_WORK ORDER:_ Return the data exactly, apart from leaving out the pictures.

_MATERIAL PROVIDED:_

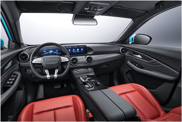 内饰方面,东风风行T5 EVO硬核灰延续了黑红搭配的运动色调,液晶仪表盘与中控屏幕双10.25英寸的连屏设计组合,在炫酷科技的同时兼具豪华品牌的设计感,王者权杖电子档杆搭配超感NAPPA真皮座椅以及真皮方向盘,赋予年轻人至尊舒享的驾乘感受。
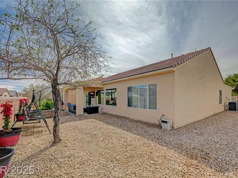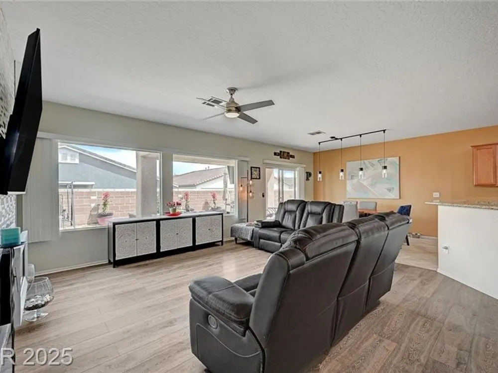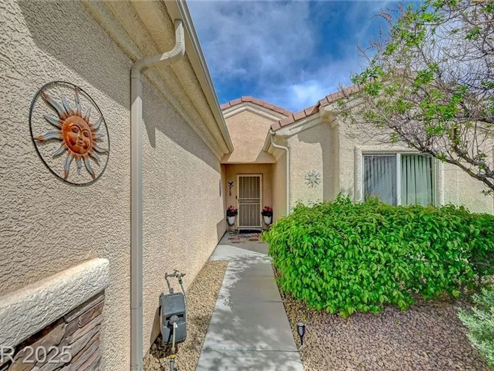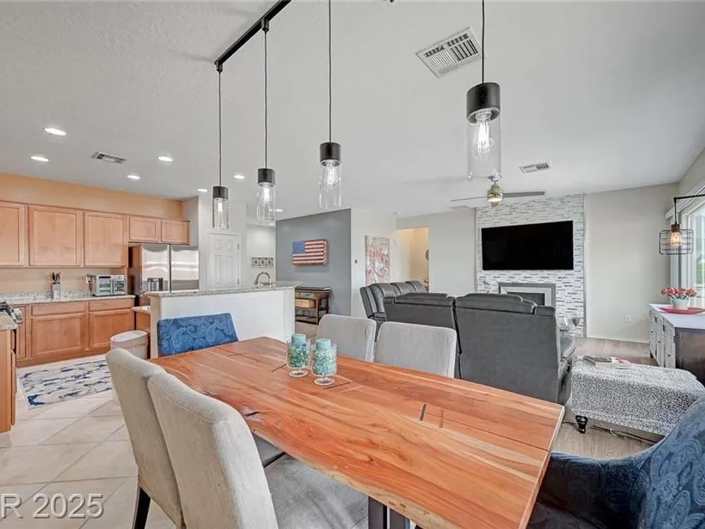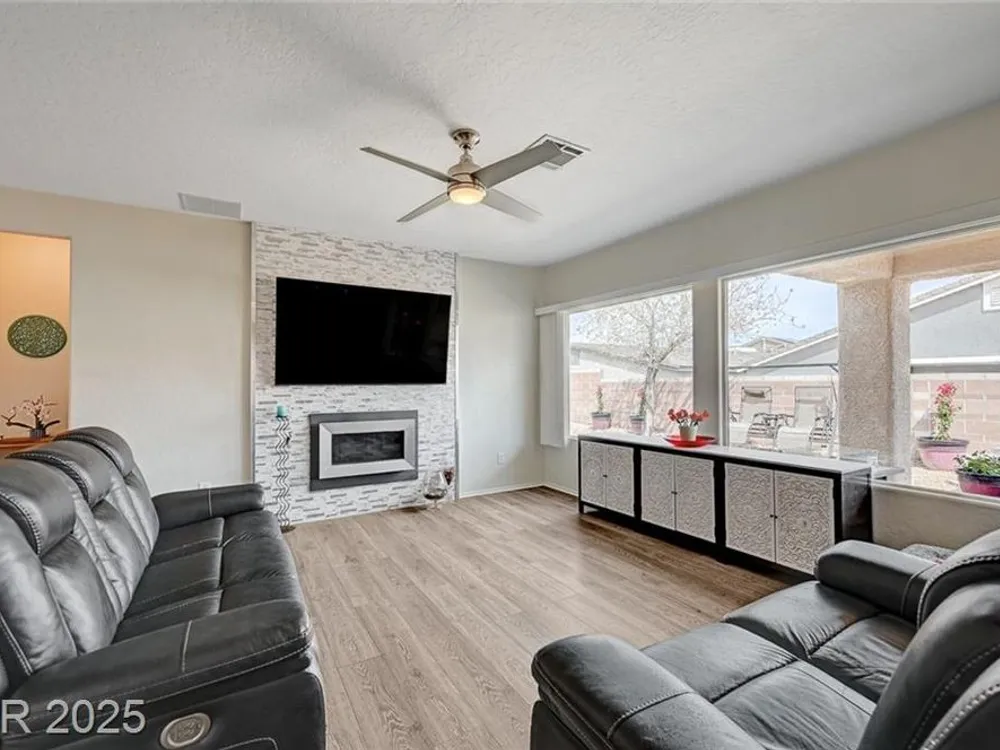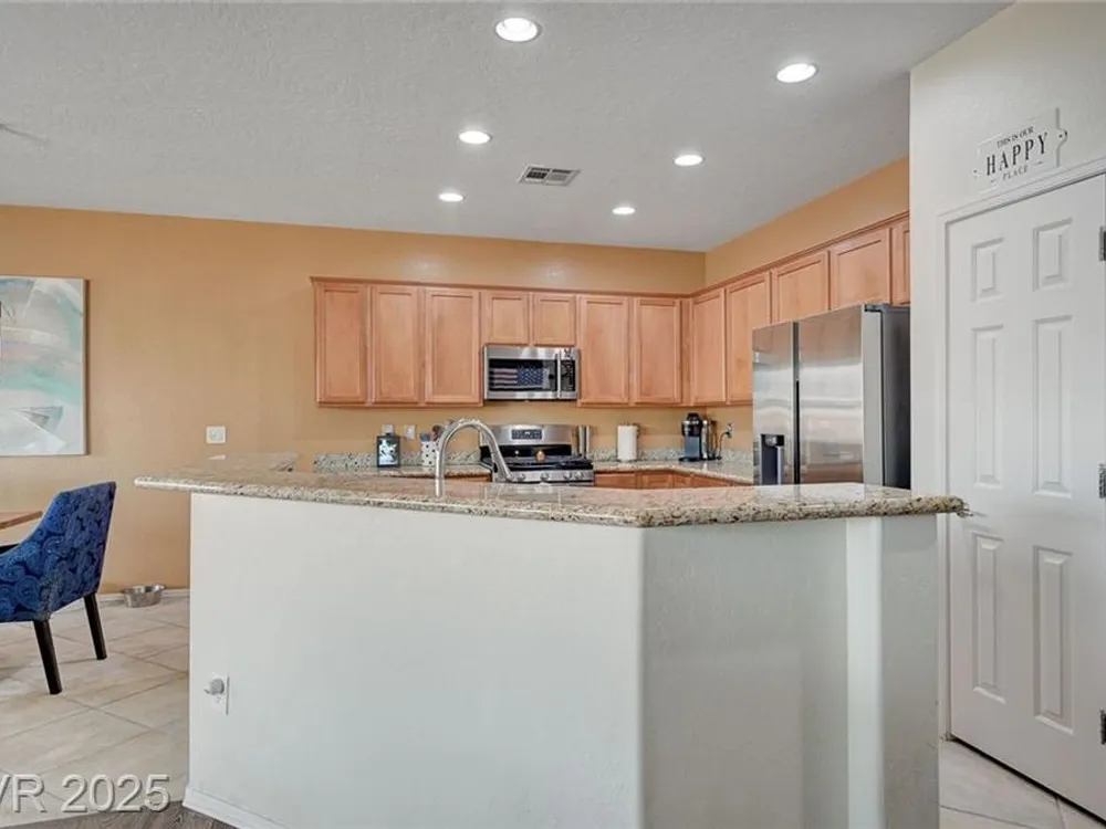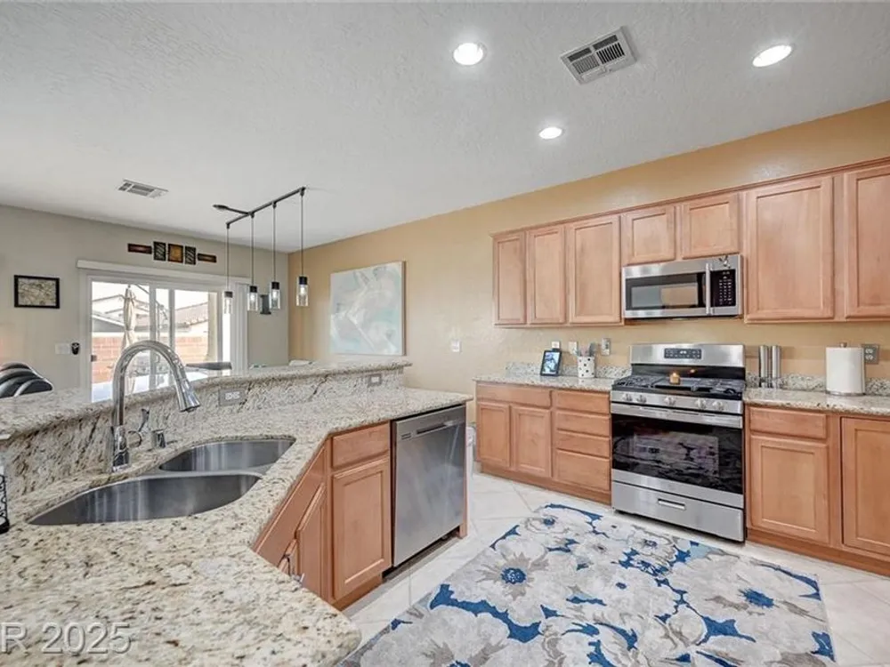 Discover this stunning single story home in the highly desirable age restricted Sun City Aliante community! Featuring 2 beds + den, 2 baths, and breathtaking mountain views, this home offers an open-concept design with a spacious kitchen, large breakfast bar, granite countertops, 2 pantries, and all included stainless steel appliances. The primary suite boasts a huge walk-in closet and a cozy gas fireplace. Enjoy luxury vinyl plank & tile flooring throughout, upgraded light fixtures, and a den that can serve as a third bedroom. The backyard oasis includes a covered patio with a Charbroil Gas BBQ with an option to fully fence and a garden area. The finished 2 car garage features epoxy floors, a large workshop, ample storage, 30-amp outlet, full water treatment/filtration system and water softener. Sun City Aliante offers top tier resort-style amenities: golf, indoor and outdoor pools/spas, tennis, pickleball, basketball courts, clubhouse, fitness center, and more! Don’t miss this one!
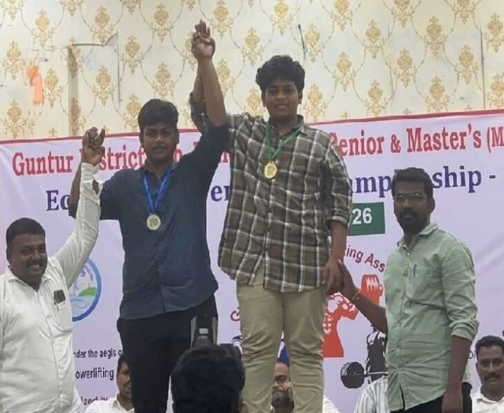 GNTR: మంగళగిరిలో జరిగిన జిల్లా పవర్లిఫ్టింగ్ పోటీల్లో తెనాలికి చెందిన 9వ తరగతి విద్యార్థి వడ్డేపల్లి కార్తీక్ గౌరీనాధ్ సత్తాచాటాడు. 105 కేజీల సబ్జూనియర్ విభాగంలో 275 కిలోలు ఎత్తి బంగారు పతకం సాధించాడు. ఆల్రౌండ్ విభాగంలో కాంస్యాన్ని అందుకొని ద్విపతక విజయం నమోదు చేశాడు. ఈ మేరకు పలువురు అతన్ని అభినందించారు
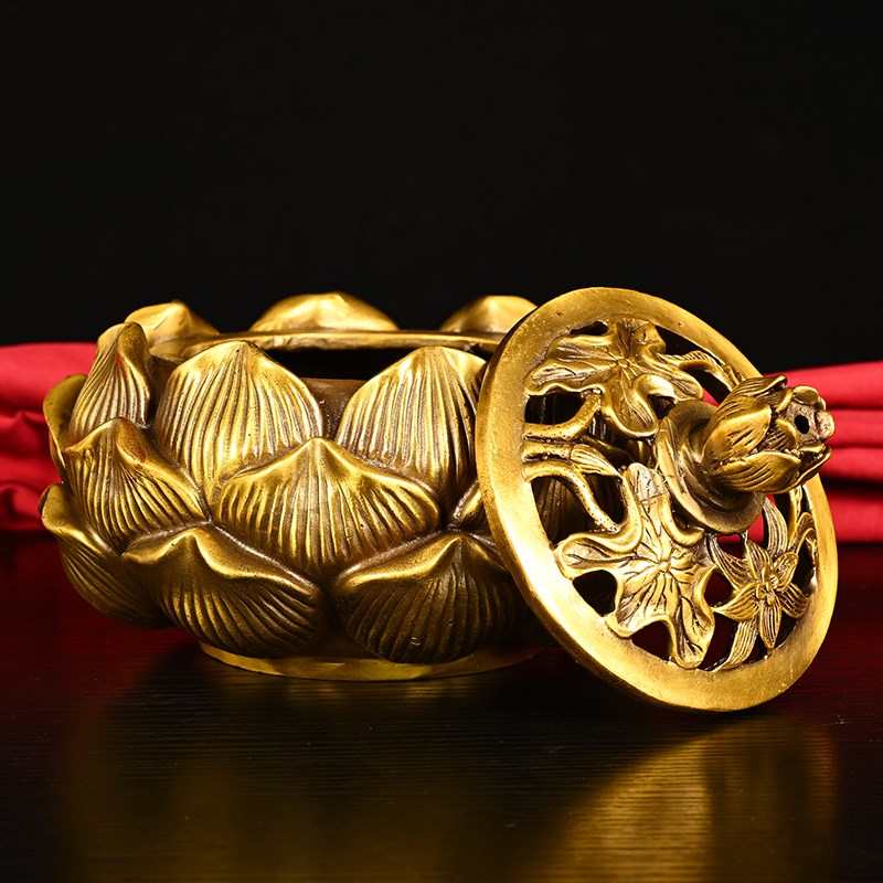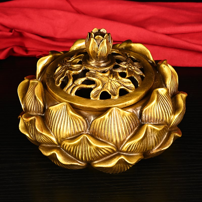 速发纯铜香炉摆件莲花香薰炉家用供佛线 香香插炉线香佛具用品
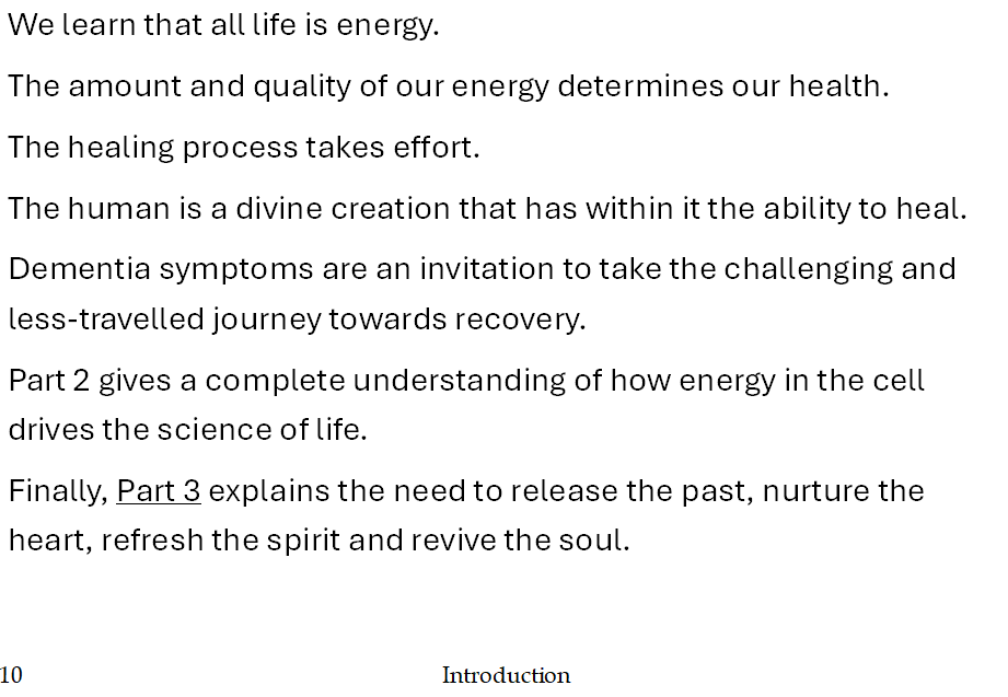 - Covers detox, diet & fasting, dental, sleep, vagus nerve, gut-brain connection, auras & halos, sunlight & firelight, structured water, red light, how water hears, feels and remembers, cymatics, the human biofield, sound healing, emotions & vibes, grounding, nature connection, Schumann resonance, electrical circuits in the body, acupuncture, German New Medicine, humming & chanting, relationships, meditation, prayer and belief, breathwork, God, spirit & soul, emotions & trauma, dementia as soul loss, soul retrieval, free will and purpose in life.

_ANSWER FOR THIS EXERCISE:_
 内饰方面,东风风行T5 EVO硬核灰延续了黑红搭配的运动色调,液晶仪表盘与中控屏幕双10.25英寸的连屏设计组合,在炫酷科技的同时兼具豪华品牌的设计感,王者权杖电子档杆搭配超感NAPPA真皮座椅以及真皮方向盘,赋予年轻人至尊舒享的驾乘感受。
 Discover this stunning single story home in the highly desirable age restricted Sun City Aliante community! Featuring 2 beds + den, 2 baths, and breathtaking mountain views, this home offers an open-concept design with a spacious kitchen, large breakfast bar, granite countertops, 2 pantries, and all included stainless steel appliances. The primary suite boasts a huge walk-in closet and a cozy gas fireplace. Enjoy luxury vinyl plank & tile flooring throughout, upgraded light fixtures, and a den that can serve as a third bedroom. The backyard oasis includes a covered patio with a Charbroil Gas BBQ with an option to fully fence and a garden area. The finished 2 car garage features epoxy floors, a large workshop, ample storage, 30-amp outlet, full water treatment/filtration system and water softener. Sun City Aliante offers top tier resort-style amenities: golf, indoor and outdoor pools/spas, tennis, pickleball, basketball courts, clubhouse, fitness center, and more! Don’t miss this one!
 GNTR: మంగళగిరిలో జరిగిన జిల్లా పవర్లిఫ్టింగ్ పోటీల్లో తెనాలికి చెందిన 9వ తరగతి విద్యార్థి వడ్డేపల్లి కార్తీక్ గౌరీనాధ్ సత్తాచాటాడు. 105 కేజీల సబ్జూనియర్ విభాగంలో 275 కిలోలు ఎత్తి బంగారు పతకం సాధించాడు. ఆల్రౌండ్ విభాగంలో కాంస్యాన్ని అందుకొని ద్విపతక విజయం నమోదు చేశాడు. ఈ మేరకు పలువురు అతన్ని అభినందించారు
 速发纯铜香炉摆件莲花香薰炉家用供佛线 香香插炉线香佛具用品
 - Covers detox, diet & fasting, dental, sleep, vagus nerve, gut-brain connection, auras & halos, sunlight & firelight, structured water, red light, how water hears, feels and remembers, cymatics, the human biofield, sound healing, emotions & vibes, grounding, nature connection, Schumann resonance, electrical circuits in the body, acupuncture, German New Medicine, humming & chanting, relationships, meditation, prayer and belief, breathwork, God, spirit & soul, emotions & trauma, dementia as soul loss, soul retrieval, free will and purpose in life.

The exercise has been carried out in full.